Nintendo Misses Out on Nikkei 225 as Stock Slumps Over 8%
Posted by Thomas Whitehead
Recent stock rises partly due to potential of joining the listing
Earlier in the Summer we saw increases in Nintendo's stock value as a strong performance from the 3DS and the prospective inclusion on the Nikkei 225 Stock Average drove positive trading. The Nikkei 225 lists notable stocks and is undoubtedly a positive inclusion for any company (similar to the Dow Jones Industrial Average in the U.S.), and there was some expectation that Nintendo would join after changes in the Japanese market structure — a merger involving the Tokyo and Osaka stock exchanges — made that possible.
The bad news is that today's announcement on new inclusions to the Nikkei 225 did not include Nintendo, so it may now be reliant on extraordinary inclusions should any listed companies go bankrupt or dissolve. Intriguingly, some analysts had projected earlier in the year that Nintendo would be considered too big to be added, as its market value is reportedly $15.4 billion.
On the flipside, today's news has prompted some analysts to change their Nintendo stock recommendations from Buy to Sell, with the close of trade in Tokyo bringing a share value loss of 8.4% to 10,860 Yen; that's the biggest drop since July 2011. That compares unfavourably to the share value of 14,050 yen that we reported back in July, and two analysts that changed their recommendations for the stock said the following.
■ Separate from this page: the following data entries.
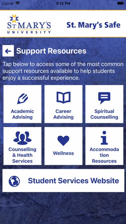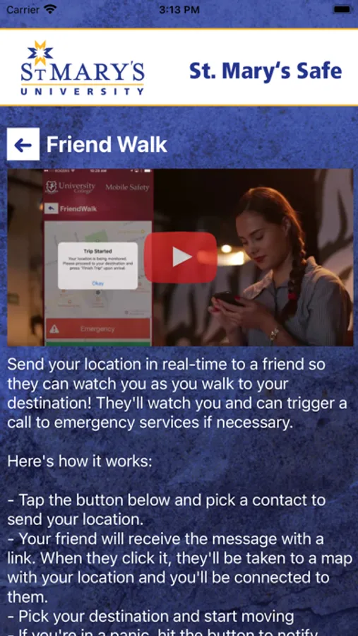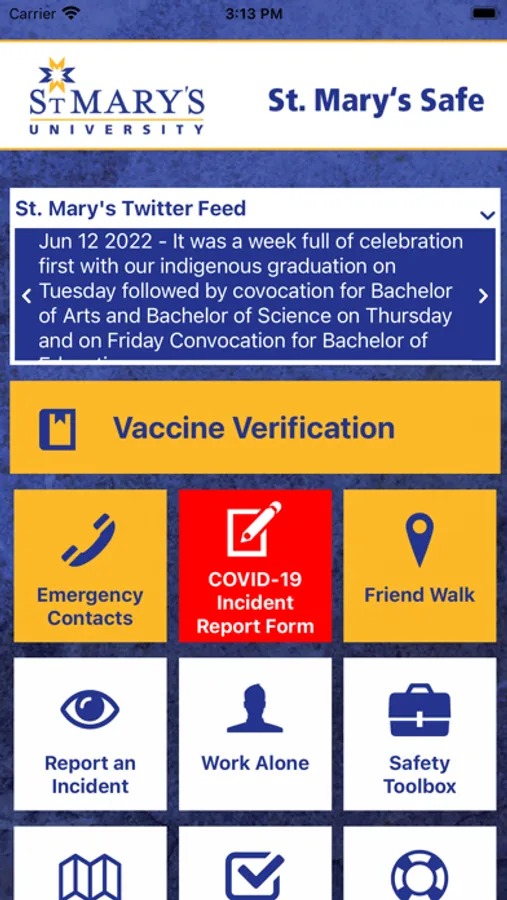 St. Mary’s Safe is the official safety app of St. Mary’s University Calgary. It is the only app that integrates with St. Mary’s University's safety and security systems. Safety and Security has worked to develop a unique app that provides students, faculty and staff with added safety on the St. Mary’s University campus. The app will send you important safety alerts and provide instant access to campus safety resources.
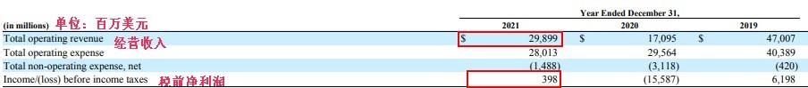 根據公司年報,達美去年營收為298.99億美元,同比增長75%,較2019年仍低36%;税前淨利潤為3.98億美元,較2020年淨虧損155.87億美元大幅回暖,較2019年低94%。
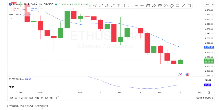 On the resistance front, Ethereum faces immediate barriers at the $2,170–$2,180 zone, aligning with the 9-period simple moving average. A breakout above this level would likely target higher resistance near $2,250–$2,300, where bears have recently sold.
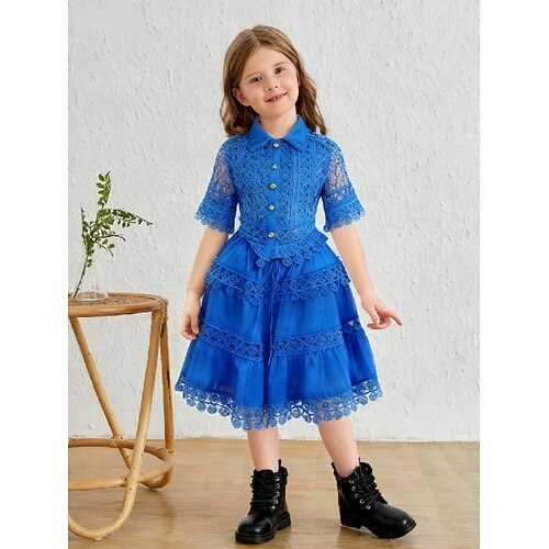 2 Pezzi Bambini Ragazze Tinta unica Pizzo Abiti eleganti Impostato Manica Corta Moda All'aperto Dai 4 anni in su Estate Blu Bianco Rosa
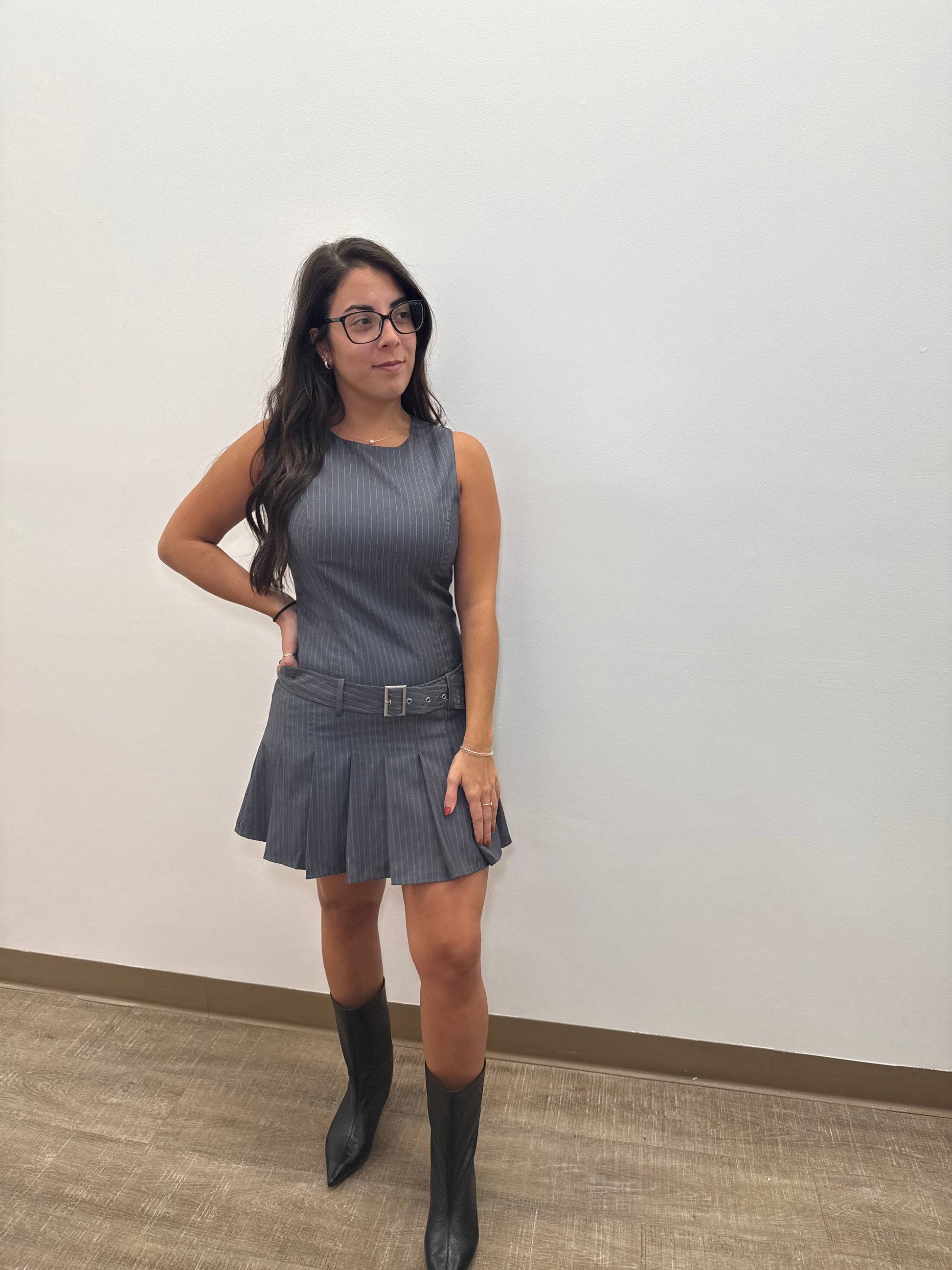 Pin Stripe Mini Dress, Drop Waist Mini Dress, Pleated Skirt Dress, Sleeveless Pin Stripe Dress, Tailored Mini Dress, Adjustable Belt Mini Dress, Back Zip Mini Dress, Pin Stripe Dress with Belt, Preppy Mini Dress, Drop Waist Pleated Dress, Sleeveless Work Dress, Woven Pin Stripe Dress
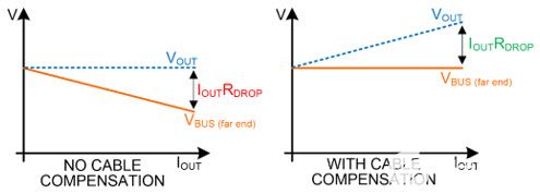 通過實施壓降補償來解決后排乘客座椅中由于長電纜引起的電纜電壓降,其中檢測輸出電流并將電流信息反饋到轉換器的內部反饋模塊。MAX25432/MAX25430補償壓降可達516m?來自從 OUT 引腳到用戶電纜的寄生電阻。這包括但不限于 USB 固定電纜、PCB 走線和內聯連接器。電纜補償設計用于高達 5A 的恒壓區域。電纜補償在進入MAX25432的PPS限流區域時保持工作狀態。
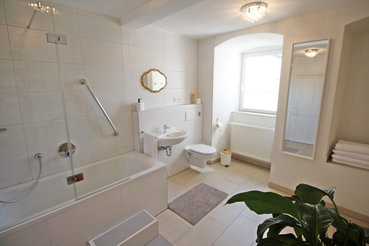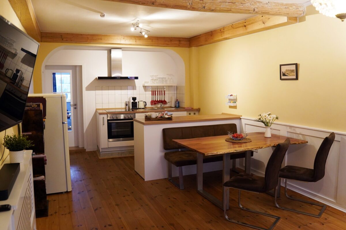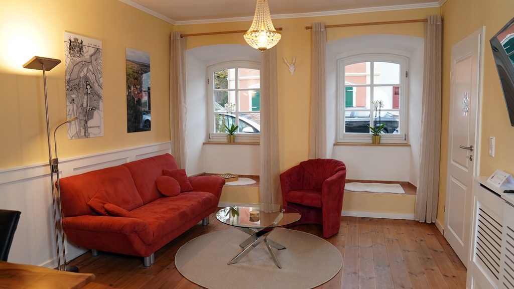 Die Ferienwohnung befindet sich im Erdgeschoss, direkt im historischen Ortskern: vorne Altstadt, hinten freier Talblick! Das Haus von 1749 steht unter Denkmalschutz und bietet eine gemütliche Mischung aus moderner Ausstattung und klassischer Gestaltung.
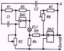 Упрощенная принципиальная схема генератора изображена на рис. 1. На ОУ DA1 и элементах R1 — R3, С1 собран широко применяемый и описанный в литературе регулируемый фазовращатель, вносящий сдвиг фазы сигнала, который определяется отношением емкости конденсатора С1 и сопротивления резистора R1. С выхода фазовращателя сигнал поступает на цепь стабилизации амплитуды EL1R4, компенсирующую влияние таких дестабилизирующих факторов, как температура и неидеальность параметров ОУ. На ОУ DA2 и резисторах R5 — R7 выполнен обычный инвертирующий усилитель. Вносимый им сдвиг фазы постоянен и равен 180° . Подстроечный резистор R6 служит для установки требуемого уровня выходного сигнала. Конденсатор С2 с входным сопротивлением каскада на ОУ DA1 образует цепь, дополнительно сдвигающую фазу сигнала на угол, который в сумме со сдвигом фазы, вносимым этим каскадом, составляет 180°. Таким образом выполняется одно из условий возникновения генерации — баланс фаз. Полная принципиальная схема генератора показана на рис.2
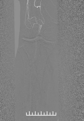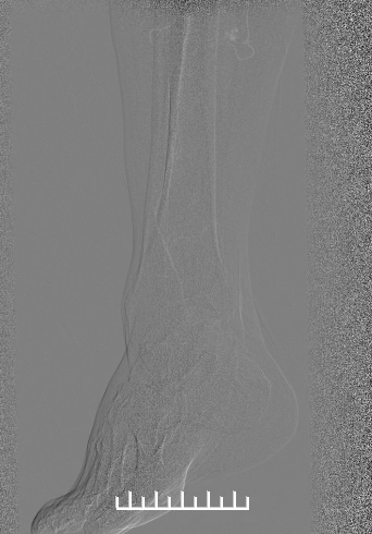 3.药涂球囊:导入5mm*150mmLUTONIX 035紫杉醇药物涂层球囊扩张病变段股浅动脉(图7)。最后采用2mm*200mm球囊扩张腓动脉,确保良好流出道。扩张后再次经鞘管造影见右股浅动脉管腔恢复,右股动脉、腘动脉及膝下动脉流速可(图8,9)。
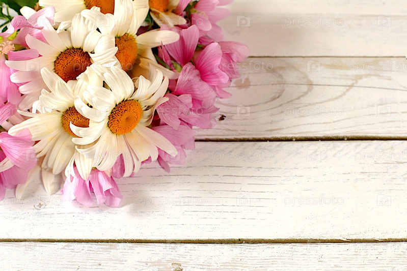 Букет красивых цветов ромашки и мальвы на деревянном солнечном фоне, рекламный баннер весенней и летней продукции, абстрактная цветочная композиция, праздничная открытка с местом для текста, селективный фокус
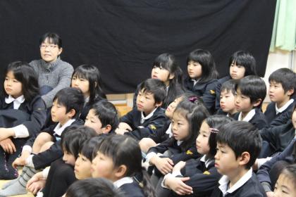 「二月六日は、かげ絵を見せてくれて、ありがとうございました。一番すごいと思ったのが、モチモチの木のかげ絵です。じさまをせっちんに毎回つれていってたところがおもしろかったです。もうひとつおもしろかったのが、おにのパンツです。パンツをはいたとき、あったかかったです。また、城山小学校に来て見してください。」S・Nくん
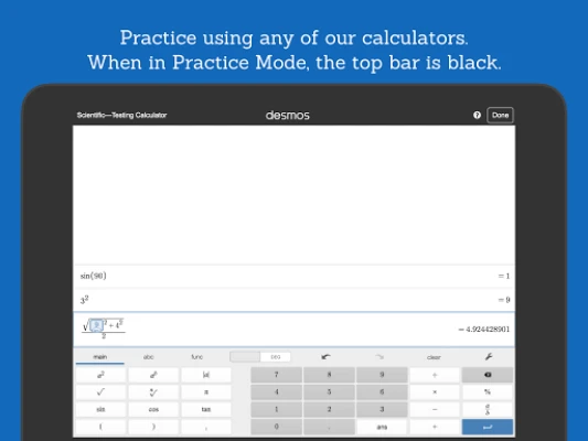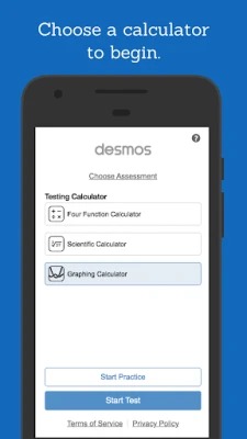 ** These are restricted versions of the Desmos Calculators that comply with exam requirements. To prepare for specific state or national assessments, select the corresponding test from the menu in the app. Find out whether Desmos is used for your test at www.desmos.com/testing.
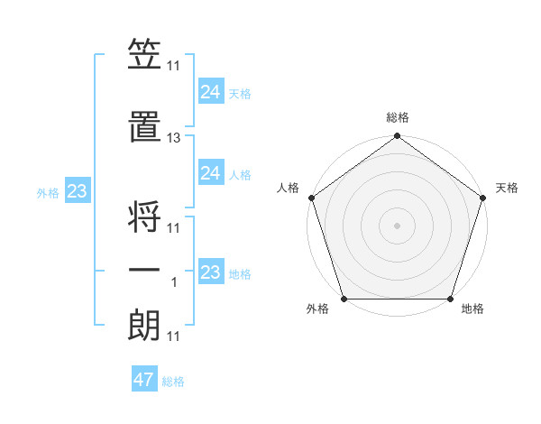 笠置 将一朗さんの総格は47画の5点!
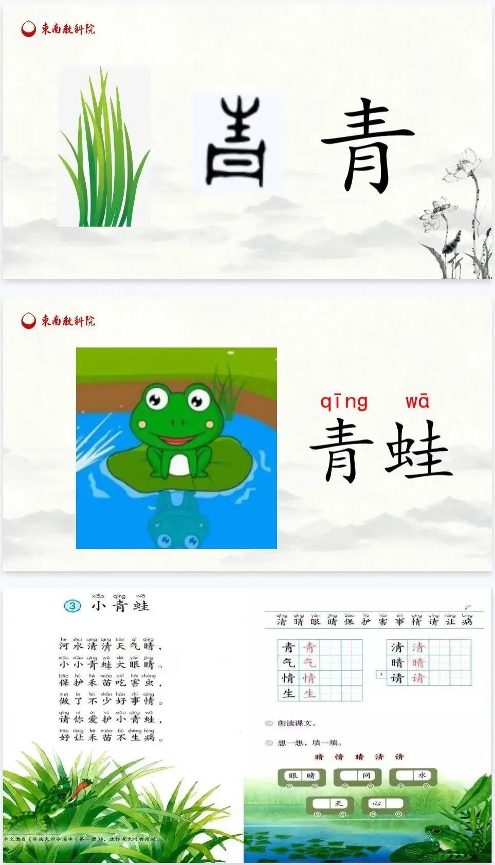 2.教学生字“青”(图、古文字),就像小草向上生长的样子,原来就是指小草的颜色。
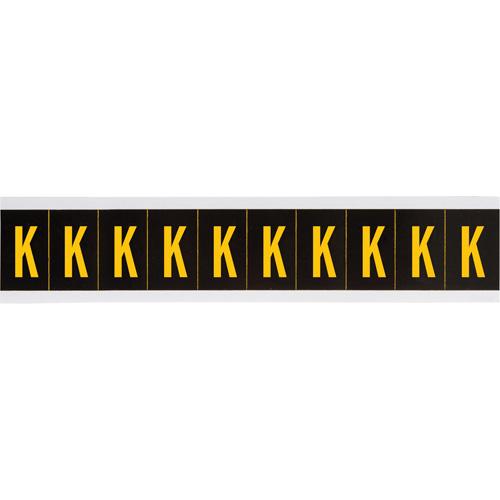 Individual Number and Letter Labels – K, Yellow on Black, 2″, 10

Jay Defibaugh — analyst at CLSA in Tokyo
The early signs of key first-party software inducing a major turnaround in Wii U console fundamentals are not promising, and the outlook for third-party support is grim. The value of iconic Nintendo franchises may be declining as younger generations discover gaming through mobile devices.
Takao Suzuki — analyst at BNP Paribas SA in Tokyo
We believe Nintendo’s shares have been overvalued due to speculative demand, on the assumption that they would be included in the Nikkei. As this expectation has come to nothing, this appears to be the right time to sell.
Of course we've seen stock fluctuations, in both directions, a number of times before. The company's absence in today's Nikkei 225 update, and the current struggles of the Wii U, have naturally combined to cause a drop; we'll see how things fare for Nintendo's accountants and — most importantly — its games and hardware in the coming months.